In 2010, Craig re-launched his Big Beat label, signing artists such as Skrillex, Icona Pop, Chromeo, Galantis, and Martin Solveig. That same year, he signed the soundtrack for the musical Hamilton to Atlantic Records, which debuted No. 12 on the Billboard 200 albums chart, the highest entrance for a cast recording since 1963. It also debuted at No. 1 on Billboard's Top Cast Albums chart and No. 3 on Billboard's Top Rap Albums chart, marking the first time that a cast album had ever appeared on the Rap charts.

== Record collection ==

As a record collector, Kallman has more than 1.5 million vinyl records in his collection. His collection also includes 150,000 vintage music posters, flyers, badges and various memorabilia; 100,000 compact discs; and 1,000 vintage rock and soul T-shirts.

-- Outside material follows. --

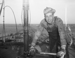 Crew members at the Humble Oil and Refining Company No. 1 Dodson #1, prospective discovery in Hardeman County three and a half miles Chillicothe. G. D. Norwood, derrickman. A man in work clothes; gloves and hat, working on an oil well drilling rig.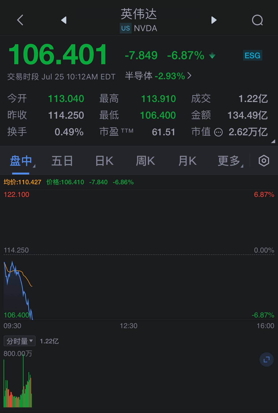 英伟达盘中一度下跌6.8%,跌至两个月来的最低点。

Kallman named 15 of his favorite records while interviewed by Guy Oseary for his 2004 book On the Record:

- Back in Black by AC/DC
- Catch a Fire by Bob Marley and the Wailers
- Electric Ladyland by Jimi Hendrix Experience
- Fôrça Bruta by Jorge Ben
- Harvest by Neil Young
- Histoire de Melody Nelson by Serge Gainsbourg
- Kind of Blue by Miles Davis
- Paid in Full by Eric B. & Rakim
- Physical Graffiti by Led Zeppelin
- The River by Ali Farka Touré
- Sour Times by Portishead
- The Smiths by The Smiths
- Veedon Fleece by Van Morrison
- What's Going On by Marvin Gaye
- Whatever's for Us by Joan Armatrading

==Awards and recognition==

Kallman has received numerous awards throughout his career. In 1998 he was named to Crain's New York list of 40 Under 40. At the time, he was 32 years old and the Executive Vice President of Atlantic Records. From 2012 to 2015, he was named to Billboard's Power 100 which is a list of the most prominent record executives. Additionally, 2010 he was recognized by the UJA-Federation as the Music Visionary of the Year. Rolling Stone magazine also named him one of the 50 Most Important People in EDM.

In 2023, Kallman and Julie Greenwald, Chairman & CEO of the Atlantic Music Group, were the Grammy Salute to Industry Icons honorees.